The publication, titled, "High-resolution Cryo-EM Analysis of the Therapeutic Pseudomonas Phage Pa223," describes the structure of phage Pa223, which is included in Armata's five-phage clinical cocktail, AP-PA02. Armata is developing AP-PA02 as a potential treatment for chronic respiratory infections in people with cystic fibrosis and non-cystic fibrosis bronchiectasis (NCFB). AP-PA02 has shown promising results in two Phase 2 clinical trials to date - SWARM-P.a. and Tailwind.

"The ability to collaborate with brilliant bench scientists and clinical partners simultaneously at universities and medical centers is critically important," stated Dr. Deborah Birx, Chief Executive Officer of Armata, and co-author of the paper. "With this latest scientific research, we further advanced our collective understanding of fundamental phage biology, specifically, how structural characteristics may impact clinical utility against a dangerous bacterial pathogen. This groundbreaking structural analysis may be beneficial in informing future development plans to bring further innovation to patients suffering from serious bacterial infections."   

Dr. Gino Cingolani, Anderson Family Endowed Chair in Medical Education, Research & Patient Care and Professor in the Department of Biochemistry and Molecular Genetics, The University of Alabama at Birmingham, and senior author of the paper, stated, "Breakthrough advances in cryogenic electron microscopy (cryo-EM), bioinformatics, and proteomics have allowed us to gain an understanding of phage structure and composition at near atomic resolution like never before. In this study, we provide the first structural description of a phage from the Bruynoghevirus genus, in this case Pa223, which has been utilized in experimental phage therapy. Phages like Pa223 are valuable due to their broad host range and high lytic activity against both planktonic and biofilm-associated bacteria. Leveraging cryogenic electron microscopy, we developed a high-resolution structural atlas of Pa223 and identified several aspects of its biology that may have potential applications for other phages used in clinical cocktails. These learnings have the potential to accelerate the development of phage-based therapeutics for a broad range of clinical uses."

The full paper can be found here.

About Armata Pharmaceuticals, Inc.
Armata is a clinical-stage biotechnology company focused on the development of high-purity pathogen-specific bacteriophage therapeutics for the treatment of antibiotic-resistant and difficult-to-treat bacterial infections using its proprietary bacteriophage-based technology. Armata is developing and advancing a broad pipeline of natural and synthetic phage candidates, including clinical candidates for Pseudomonas aeruginosa, Staphylococcus aureus, and other important pathogens. Armata is committed to advancing phage therapy with drug development expertise that spans bench to clinic including in-house phage-specific current Good Manufacturing Practices ("cGMP") manufacturing to support full commercialization.

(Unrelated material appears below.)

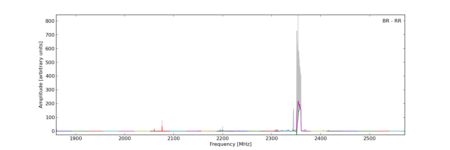 Total power spectrum in arbitrary units. The solid lines indicate the mean value and the shaded area the peaks.

Forward Looking Statements
This communication contains "forward-looking" statements as defined by the Private Securities Litigation Reform Act of 1995. These statements relate to future events, results or to Armata's future financial performance and involve known and unknown risks, uncertainties and other factors which may cause Armata's actual results, performance or events to be materially different from any future results, performance or events expressed or implied by the forward-looking statements. In some cases, you can identify these statements by terms such as "anticipate," "believe," "could," "estimate," "expect," "intend," "may," "plan," "potential," "predict," "project," "should," "will," "would" or the negative of those terms, and similar expressions. These forward-looking statements reflect management's beliefs and views with respect to future events and are based on estimates and assumptions as of the date of this communication and are subject to risks and uncertainties including risks related to Armata's development of bacteriophage-based therapies; ability to staff and maintain its production facilities under fully compliant cGMP; ability to meet anticipated milestones in the development and testing of the relevant product; ability to be a leader in the development of phage-based therapeutics; ability to achieve its vision, including improvements through engineering and success of clinical trials; ability to successfully complete preclinical and clinical development of, and obtain regulatory approval of its product candidates and commercialize any approved products on its expected timeframes or at all; and Armata's estimates regarding anticipated operating losses, capital requirements and needs for additional funds. Additional risks and uncertainties relating to Armata and its business can be found under the caption "Risk Factors" and elsewhere in Armata's filings and reports with the U.S. Securities and Exchange Commission (the "SEC"), including in Armata's Annual Report on Form 10-K, filed with the SEC on March 21, 2025, and in its subsequent filings with the SEC.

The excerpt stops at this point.